Repeat the listing below exactly from the line with "Masă TV/Dulap Dilune" through its last line. Skip every picture.

[[ DATA LISTING open ]]

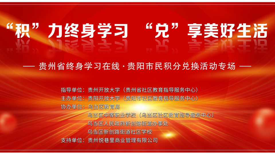 “积”力终身学习 “兑”享美好生活——贵州省终身学习在线贵阳市民积分兑换活动专场“积”力终身学习 “兑”享美好生活——贵州省终身学习在线贵阳市民积分兑换活动专场
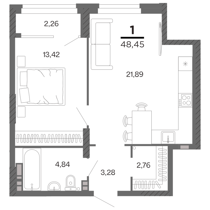 1-комнатная, 48.45 м²
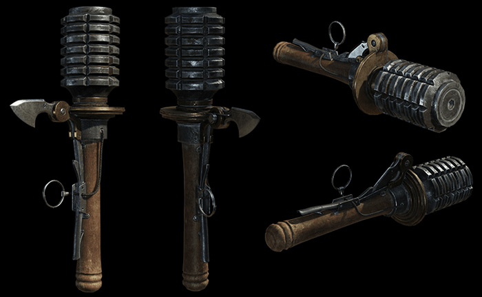 The Fragmentation Grenade looks like the Germand Grenades in World War II but can also serve another purpose --- being a stick-it mine that explodes if enemies are within its blast radius.
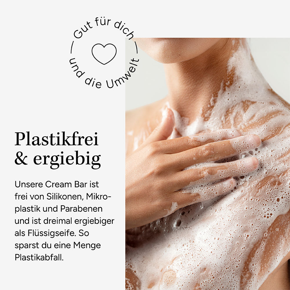 Unsere Cream Bar ist je nach Haarlänge und Anwendungsgewohnheit dreimal ergiebiger als Flüssigseife. Bei herkömmlichen Duschgels und Shampoos aus der Plastikflasche landet meist mehr als nötig auf Haut und Haaren. Feste Pflege wie unsere Cream Bar wird dagegen in der Hand aufgeschäumt und ist so sparsamer in der Anwendung. Zudem hat sie anstatt der üblichen drei Walzvorgänge, eine fünffache Walzung durchlaufen und ist damit besonders verdichtet und ergiebig.
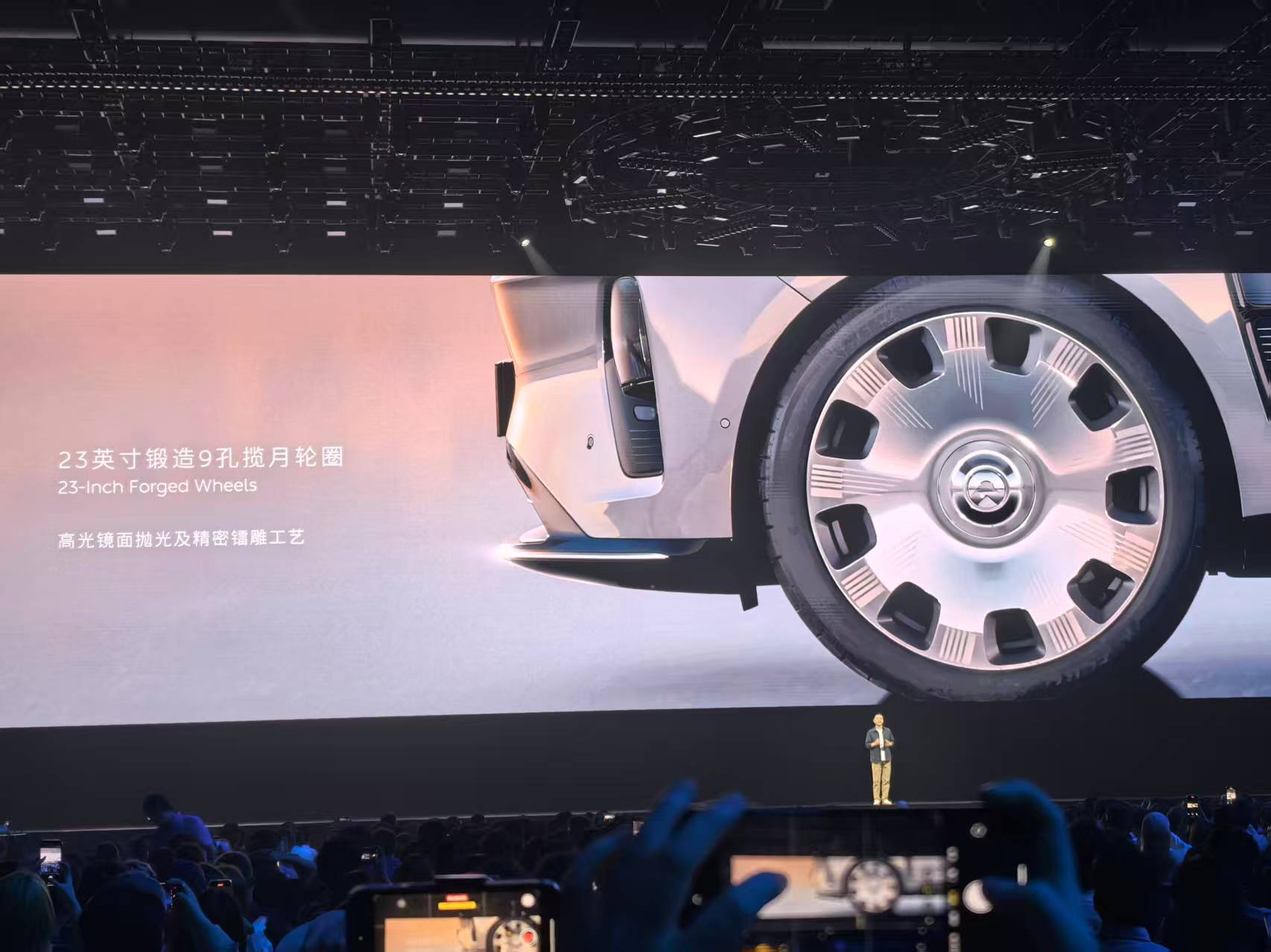 新座驾装载了匠心打造的专属23寸九辐轮毂,轮圈外层经过极致抛光,呈现镜面质感,搭配悬浮式轮眉设计,制动单元也换成了特别配色,共同营造出高级感十足的旗舰氛围。此外,C柱和车尾位置还增加了专属徽标,用以彰显独特地位。在车身规格上,该车的长宽高分别为5324毫米、2016毫米和1620毫米,轴距维持3250毫米不变。
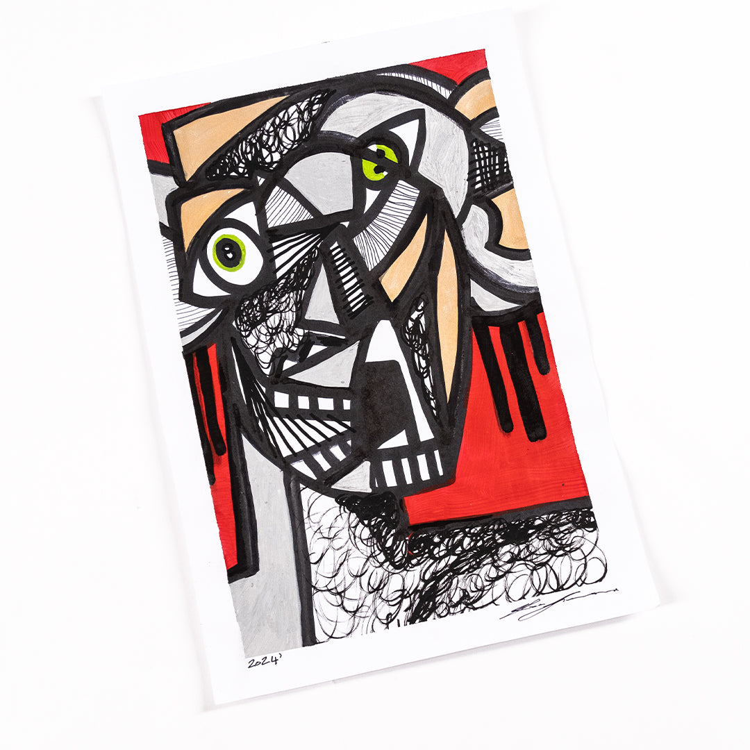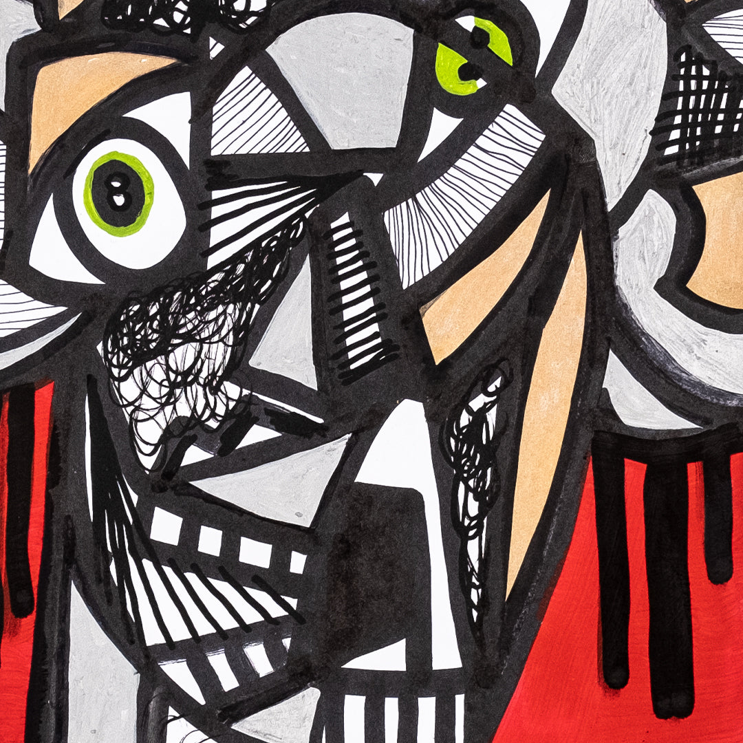 Cubist Study II by Ryan Shava. Ink and mixed media on paper. 11.25 x 16.5 inches. Signed by artist and comes with a Letter of Provenance signed by 1XRUN.
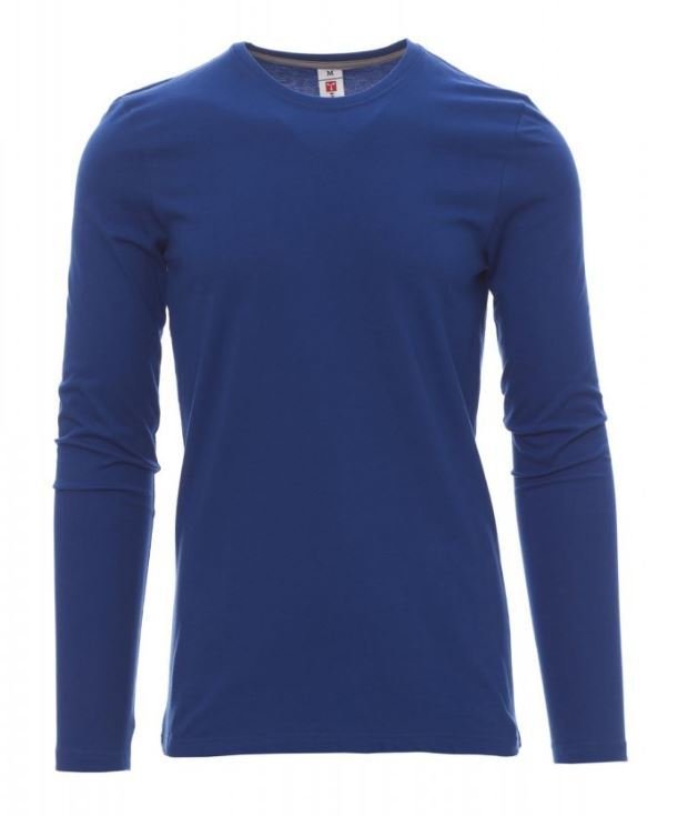 Tee-shirt pour homme, encolure ras le cou et manches longues, col en bord côtes mixte spandex de 1,5 cm avec couture rabattue sur le devant, ruban de renfort d'épaule à épaule dans couleur en contraste sur le col, coutures stretch, couture latérale
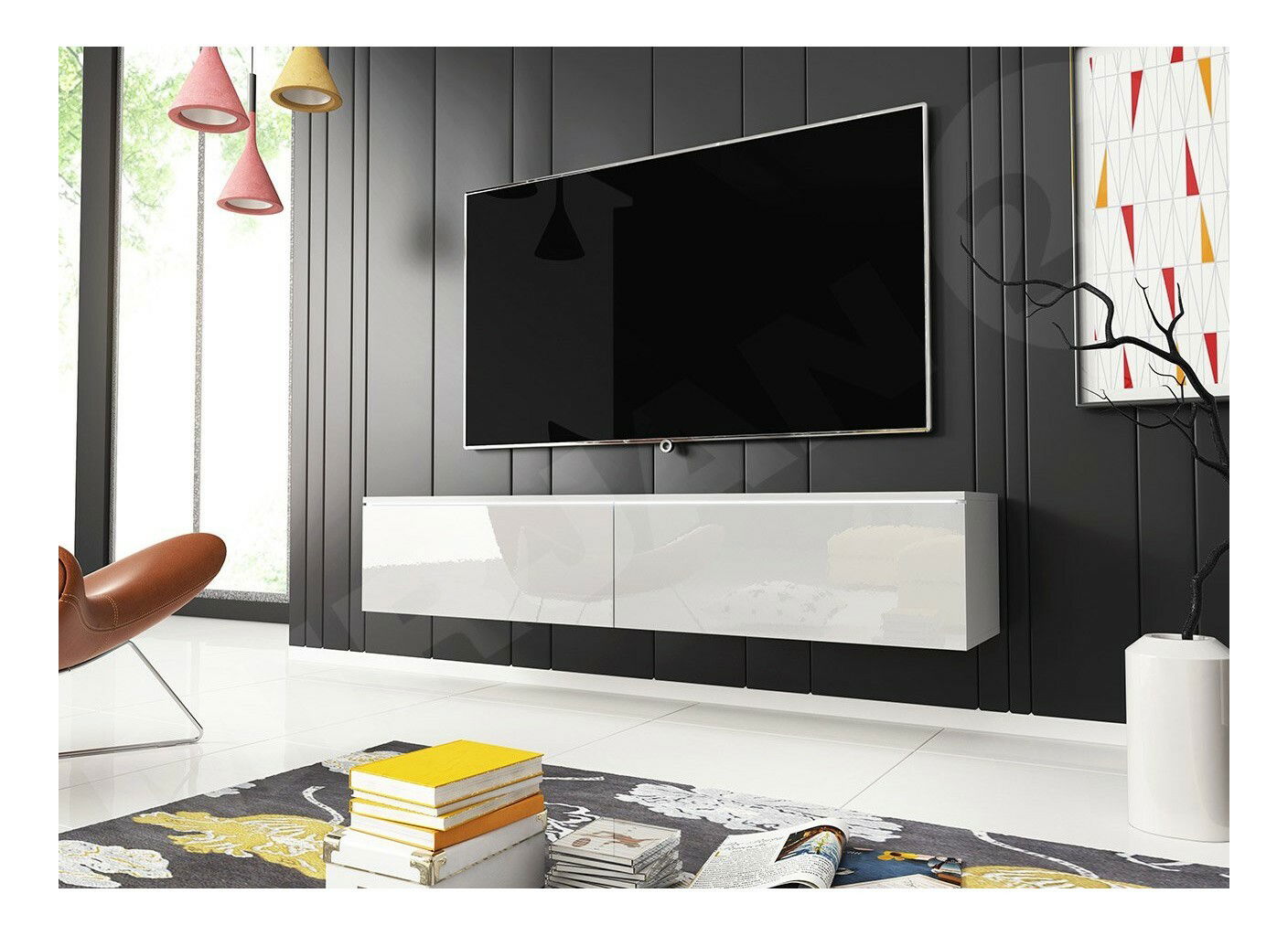 Masă TV/Dulap Dilune 140 (Alb + Alb lucios ) (iluminat LED Alb)
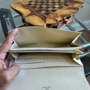 Pristine condition, no callouts, authentic, made in France 2012, very clean bag,, hard to find on this condition for the this price... Stylish Louis Vuitton wallet with a checkered pattern. Features a classic design in beige and brown.
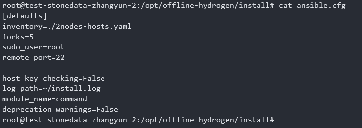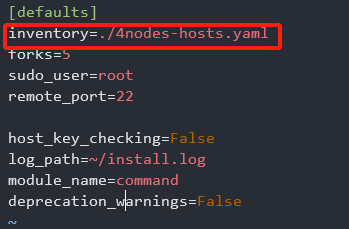 查看或修改ansible.cfg文件中inventory的配置,默认为single-hosts.yaml,需要修改为2nodes-hosts.yaml,其它配置内容不变,修改后配置如下:
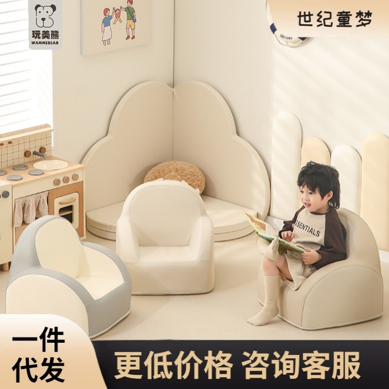 美しい熊の子供の小さいソファーの赤ちゃんを遊んでかわいいです。

[[ DATA LISTING closed ]]

- _EXPECTED OUTPUT_:
 Masă TV/Dulap Dilune 140 (Alb + Alb lucios ) (iluminat LED Alb)
 Pristine condition, no callouts, authentic, made in France 2012, very clean bag,, hard to find on this condition for the this price... Stylish Louis Vuitton wallet with a checkered pattern. Features a classic design in beige and brown.
 查看或修改ansible.cfg文件中inventory的配置,默认为single-hosts.yaml,需要修改为2nodes-hosts.yaml,其它配置内容不变,修改后配置如下:
 美しい熊の子供の小さいソファーの赤ちゃんを遊んでかわいいです。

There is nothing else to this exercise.